6.2 Source Layout

6.2.1 Files And Directories

Before you are going to start to extend Phing let's have a look at the source layout. You should be comfortable with the organization of files in the source tree of Phing before starting to code. After you extracted the source distribution or checked it out from git you should see the following directory structure:

$PHING_HOME
  |-- bin
  |-- classes
  |    `-- phing
  |         |-- filters
  |         |    `-- util
  |         |-- mappers
  |         |-- parser
  |         |-- tasks
  |         |    |-- ext
  |         |    |-- system
  |         |    |    `-- condition
  |         |    `-- user
  |         `-- types
  |-- docs
  |    `-- phing_guide
  `-- test
       |-- classes
       `-- etc

The following table briefly describes the contents of the major directories:

Table 6.1: Phing source tree directories

DirectoryContents

bin

The basic applications (phing, configure) as well as the wrapper scripts for different platforms (currently Unix and Windows).

classes

Repository of all the classes used by Phing. This is the base directory that should be on the PHP include_path. In this directory you will find the subdirectory phing/ with all the Phing relevant classes.

docs

Documentation files. Generated books, online manuals as well as the PHPDoc generated API documentation.

test

A set of testcases for different tasks, mappers and types. If you are developing in git you should add a testcase for each implementation you check in.


Currently there is no distinction between the source layout and the build layout of Phing. The directory layout shows the file tree that carries some additional files like the Phing website. Later on there may be a buildfile to create a clean distribution tree of Phing itself.
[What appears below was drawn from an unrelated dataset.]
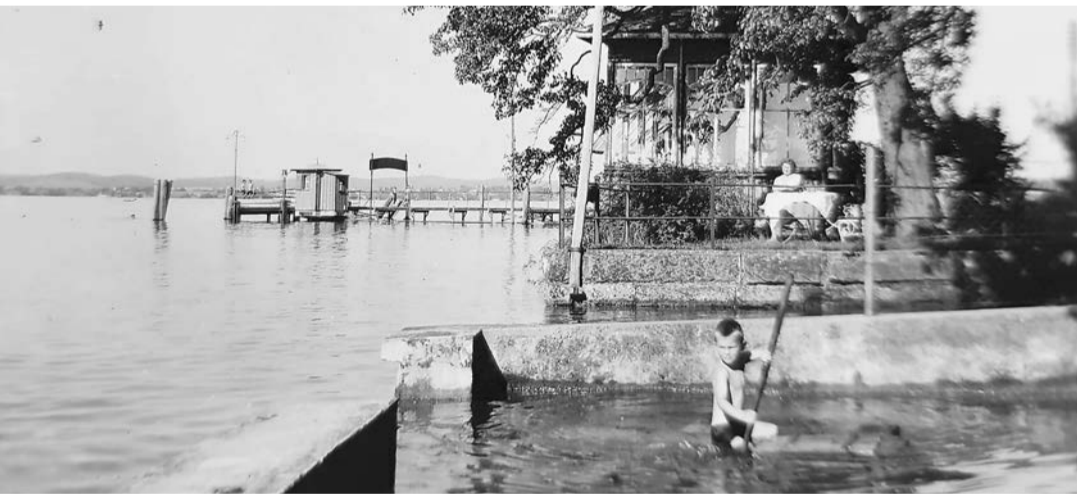
Vor der Aufschüttung: Blick vom alten Chloose-Areal Richtung Stedi mit Hochwassersteg. Im Hintergrund das Seehüsli vom Hotel und Pension zur Post.

zwischen Berg und See beschränkt war, pachteten sich unsere Vorfahren zum Teil Land in Radolfzell. Da wo das Flüsslein Aach in vielen Windungen seewärts fliesst, konnten sie das von einer Schlaufe eingeschlossene Land (Bügen genannt) pachten. Das darauf produzierte wurde mit Booten heimgefahren. Die Kriege machten dem kleinen Grenzverkehr ein Ende. Nun waren die Häuser zwischen Seestrasse und See keine Landwirtschaftsbetriebe im eigentlichen mehr. Es fehlte der Platz für eine Scheune. Das Parterre beherbergte den Stall, das Futterhaus, den Keller mit Obstpresse, Mostfässern und Hurden zum Einlagern von Früchten. Heu und Stroh wurden durch die Estrich-tore gezogen. Als ich in den späten 1960er-Jahren auf einem Heimaturlaub beim Grundbuchverwalter Schmied vorsprach, um den Status unseres Seeanstosses zu prüfen, stand da: Nordgrenze Untersee. Ob das je geändert worden ist, entzieht sich meiner Kenntnis.»

6.2.2 File Naming Conventions

There are some file naming conventions used by Phing. Here's a quick rundown on the most basic conventions. A more detailed list can be found in [See Naming And Coding Standards]:

  • Filenames consist of no more or less than two elements: name and extension .
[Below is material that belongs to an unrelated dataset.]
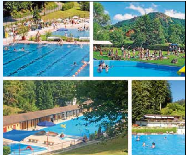
Die Gernsbacher Freibäder v. l. o. im Uhrzeigersinn: Gernsbach, Lautenbach, Reichental, Obertsrot.
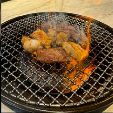
和牛マルチョウ 580円 (税込 638円)

  • Choose short descriptive filenames, which must be less than 31 chars.

  • Names must not contain dots.

  • Files containing PHP code must end with the extension .php .

  • There must be only one class per file (no procedural methods allowed, use a separate file for them), with the exception of "inner"-type / helper classes that can be declared in the same file as the "outer" / main class.

  • The name portion of the file must be named exactly like the class it contains.

  • Buildfiles and configure rulesets must end with the extension .xml .

6.2.3 Coding Standards

We are using PEAR coding standards. We are using a less strict version of these standards, but we do insist that new contributions have phpdoc comments and make explicitly declarations about public/protected/private variables and methods. If you have suggestions about improvements to Phing codebase, don't hesitate to let us know.